7) Leadership and social influence- are you a leader? Have you directed and guided willing people to a particular decision or outcome? Leaders take people with them, not bully or force others to do things against their will. In terms of social influence, this skills is about accomplishing something for the greater good- the good of a team, a school, a community, a neighbourhood, a country or even the world.
How can I demonstrate this? One of the most obvious environments where leadership is evident is team sports. However, it is about taking the lead in any situation e.g. you might have set up a Go Fund Me page for a local community centre struggling to stay open. Or you might have organised a fundraising activity for a national cause or charity.
8) Emotional Intelligence (EI)– people who have high EI are able to display empathy for others, know what to say and when to say it, can deal with difficult situations and appreciate the opinions of others. Emotionally Intelligent people are also better placed to manage their own emotions, health and well-being in work and in life generally. They are also more resilient, a very important quality in these uncertain times.
How can I demonstrate this? Think about what you do for other people? What do other people think of you? Are you the friend who other people come to for support or a shoulder to lean on? Perhaps you have a strong set of social values and do a number of hours per week volunteering in a local residential care home, for example.
9) Reasoning, problem-solving and ideation- is to think about something in a logical way to come up with a conclusion or an answer. For example, what is your reasoning for choosing those A-levels? Good reasoning allows us to solve everyday problems and more complicated ones. The process of reasoning can lead to ideas about how to solve a particular problem e.g. what are the best A-levels to study for a degree in Engineering? Or, what are the alternative pathways to Engineering, because I don’t want to study A-levels?
How can I demonstrate this? You should be able to describe your reasoning process i.e. this is what I had to consider, this was the problem and these were the options as I saw them. As noted above you could give your reasoning for choosing subject. Or, as a student designing a useful gadget, you might explain your reasoning for choosing one specific material or design over another.

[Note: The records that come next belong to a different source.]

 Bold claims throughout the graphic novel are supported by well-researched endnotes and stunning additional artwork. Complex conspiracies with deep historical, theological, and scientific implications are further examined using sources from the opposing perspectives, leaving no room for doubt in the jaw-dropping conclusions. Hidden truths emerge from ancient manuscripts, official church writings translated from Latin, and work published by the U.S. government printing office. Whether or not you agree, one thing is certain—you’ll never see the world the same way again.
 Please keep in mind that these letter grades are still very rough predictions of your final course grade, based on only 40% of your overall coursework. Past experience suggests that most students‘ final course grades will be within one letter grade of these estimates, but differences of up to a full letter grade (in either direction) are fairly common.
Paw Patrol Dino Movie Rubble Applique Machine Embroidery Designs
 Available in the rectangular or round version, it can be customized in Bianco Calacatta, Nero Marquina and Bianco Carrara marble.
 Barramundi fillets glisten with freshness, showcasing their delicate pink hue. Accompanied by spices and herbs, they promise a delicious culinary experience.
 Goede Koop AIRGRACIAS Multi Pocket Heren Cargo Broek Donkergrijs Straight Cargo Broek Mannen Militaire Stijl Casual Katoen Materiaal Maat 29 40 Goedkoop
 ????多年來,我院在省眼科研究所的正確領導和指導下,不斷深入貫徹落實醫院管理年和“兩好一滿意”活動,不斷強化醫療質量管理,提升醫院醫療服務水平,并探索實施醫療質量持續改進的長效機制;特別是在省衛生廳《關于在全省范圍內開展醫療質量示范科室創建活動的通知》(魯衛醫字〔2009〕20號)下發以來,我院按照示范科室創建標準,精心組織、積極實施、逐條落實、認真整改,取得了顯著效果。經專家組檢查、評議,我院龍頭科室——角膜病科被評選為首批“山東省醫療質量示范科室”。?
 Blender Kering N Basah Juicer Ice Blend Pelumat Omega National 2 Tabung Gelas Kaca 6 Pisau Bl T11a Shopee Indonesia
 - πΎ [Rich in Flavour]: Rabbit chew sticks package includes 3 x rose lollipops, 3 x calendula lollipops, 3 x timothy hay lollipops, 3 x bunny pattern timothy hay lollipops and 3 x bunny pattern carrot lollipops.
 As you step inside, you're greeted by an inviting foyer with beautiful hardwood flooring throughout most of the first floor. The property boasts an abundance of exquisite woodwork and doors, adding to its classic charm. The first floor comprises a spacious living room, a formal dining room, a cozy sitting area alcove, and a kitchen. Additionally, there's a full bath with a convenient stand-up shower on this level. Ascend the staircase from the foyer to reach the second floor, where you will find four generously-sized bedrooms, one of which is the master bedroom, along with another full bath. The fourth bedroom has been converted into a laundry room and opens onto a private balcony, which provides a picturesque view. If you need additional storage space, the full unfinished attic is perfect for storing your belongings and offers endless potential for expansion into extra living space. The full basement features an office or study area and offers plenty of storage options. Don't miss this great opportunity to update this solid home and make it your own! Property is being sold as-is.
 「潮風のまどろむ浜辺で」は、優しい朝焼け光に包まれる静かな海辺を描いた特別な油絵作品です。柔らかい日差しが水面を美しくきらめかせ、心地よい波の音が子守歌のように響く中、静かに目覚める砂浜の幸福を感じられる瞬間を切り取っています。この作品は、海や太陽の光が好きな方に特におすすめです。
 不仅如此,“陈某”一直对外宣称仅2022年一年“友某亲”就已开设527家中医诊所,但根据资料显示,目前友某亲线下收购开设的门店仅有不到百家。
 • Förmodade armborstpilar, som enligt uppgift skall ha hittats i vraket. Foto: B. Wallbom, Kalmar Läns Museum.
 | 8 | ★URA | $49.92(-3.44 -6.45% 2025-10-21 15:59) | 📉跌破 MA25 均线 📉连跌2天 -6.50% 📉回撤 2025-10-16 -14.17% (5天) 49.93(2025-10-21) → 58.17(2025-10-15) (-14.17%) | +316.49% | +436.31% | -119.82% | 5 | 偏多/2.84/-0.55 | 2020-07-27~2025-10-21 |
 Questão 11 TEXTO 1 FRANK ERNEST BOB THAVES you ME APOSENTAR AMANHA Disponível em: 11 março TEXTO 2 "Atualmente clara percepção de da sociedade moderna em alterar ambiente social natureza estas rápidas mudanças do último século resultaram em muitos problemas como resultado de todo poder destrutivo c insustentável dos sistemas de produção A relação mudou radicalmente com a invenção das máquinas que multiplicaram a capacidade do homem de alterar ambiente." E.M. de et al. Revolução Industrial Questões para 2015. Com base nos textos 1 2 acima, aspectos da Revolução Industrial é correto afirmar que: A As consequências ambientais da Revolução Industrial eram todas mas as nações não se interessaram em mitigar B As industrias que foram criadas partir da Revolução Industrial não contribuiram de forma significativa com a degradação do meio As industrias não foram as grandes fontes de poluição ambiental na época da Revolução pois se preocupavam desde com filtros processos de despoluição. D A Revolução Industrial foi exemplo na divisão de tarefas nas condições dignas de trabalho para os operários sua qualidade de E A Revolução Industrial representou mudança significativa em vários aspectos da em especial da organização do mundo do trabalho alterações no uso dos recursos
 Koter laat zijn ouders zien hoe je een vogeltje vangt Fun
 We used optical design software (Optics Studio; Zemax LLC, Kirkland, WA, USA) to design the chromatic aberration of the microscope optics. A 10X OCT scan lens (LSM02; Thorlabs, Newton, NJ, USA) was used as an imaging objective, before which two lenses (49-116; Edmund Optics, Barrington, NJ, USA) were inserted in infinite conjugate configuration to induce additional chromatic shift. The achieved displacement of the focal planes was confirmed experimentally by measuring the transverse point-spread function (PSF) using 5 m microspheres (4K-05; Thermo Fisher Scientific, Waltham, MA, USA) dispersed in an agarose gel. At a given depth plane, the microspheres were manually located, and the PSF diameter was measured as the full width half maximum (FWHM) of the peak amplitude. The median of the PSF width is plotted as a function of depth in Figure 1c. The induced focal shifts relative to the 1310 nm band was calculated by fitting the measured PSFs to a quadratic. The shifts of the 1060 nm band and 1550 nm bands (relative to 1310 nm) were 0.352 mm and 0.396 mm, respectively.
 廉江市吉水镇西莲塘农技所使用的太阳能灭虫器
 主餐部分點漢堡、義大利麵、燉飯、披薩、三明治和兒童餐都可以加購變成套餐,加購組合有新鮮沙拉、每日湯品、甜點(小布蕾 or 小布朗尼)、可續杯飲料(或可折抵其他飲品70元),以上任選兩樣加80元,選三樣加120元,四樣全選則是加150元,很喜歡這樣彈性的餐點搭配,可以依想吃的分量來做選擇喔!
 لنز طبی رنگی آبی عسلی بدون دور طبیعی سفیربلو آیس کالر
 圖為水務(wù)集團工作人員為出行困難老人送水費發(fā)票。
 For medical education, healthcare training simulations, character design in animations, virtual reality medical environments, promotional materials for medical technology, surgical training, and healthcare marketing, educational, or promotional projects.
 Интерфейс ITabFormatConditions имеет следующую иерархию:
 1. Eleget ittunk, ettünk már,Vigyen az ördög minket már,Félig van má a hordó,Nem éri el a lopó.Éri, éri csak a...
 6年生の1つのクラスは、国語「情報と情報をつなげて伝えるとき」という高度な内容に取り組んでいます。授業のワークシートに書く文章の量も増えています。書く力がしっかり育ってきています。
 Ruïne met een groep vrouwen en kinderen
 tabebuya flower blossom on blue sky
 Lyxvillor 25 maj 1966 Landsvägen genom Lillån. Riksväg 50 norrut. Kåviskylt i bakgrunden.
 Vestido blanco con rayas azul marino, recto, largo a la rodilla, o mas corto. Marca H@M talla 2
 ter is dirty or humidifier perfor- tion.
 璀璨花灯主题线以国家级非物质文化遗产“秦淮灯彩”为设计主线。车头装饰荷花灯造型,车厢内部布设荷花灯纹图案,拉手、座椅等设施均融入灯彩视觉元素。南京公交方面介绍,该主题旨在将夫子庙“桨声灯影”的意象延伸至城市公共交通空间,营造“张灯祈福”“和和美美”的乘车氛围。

10) Systems analysis and evaluation- is a problem-solving technique that ensures that a specific system works and, if it doesn’t work, how the system can be improved. Remember analysis involves the breaking down of big things into parts. So in systems analysis it is about breaking down a whole system into its components and analysing and evaluating the performance of each individual part.
How can I demonstrate this? Systems analysis is mathematical and therefore Math is the most relevant subject. You might show the skill by explaining how you broke down a complicated equation into smaller parts to get an answer. Systems analysis is also be applied in Science, Computing and Design & Technology. Away from school a systems analysis approach can be applied to lots of other things e.g. you might own and maintain bikes. The system for maintenance includes taking the bike apart, cleaning it, replacing parts and putting it back together. At each step you might make changes to improve performance?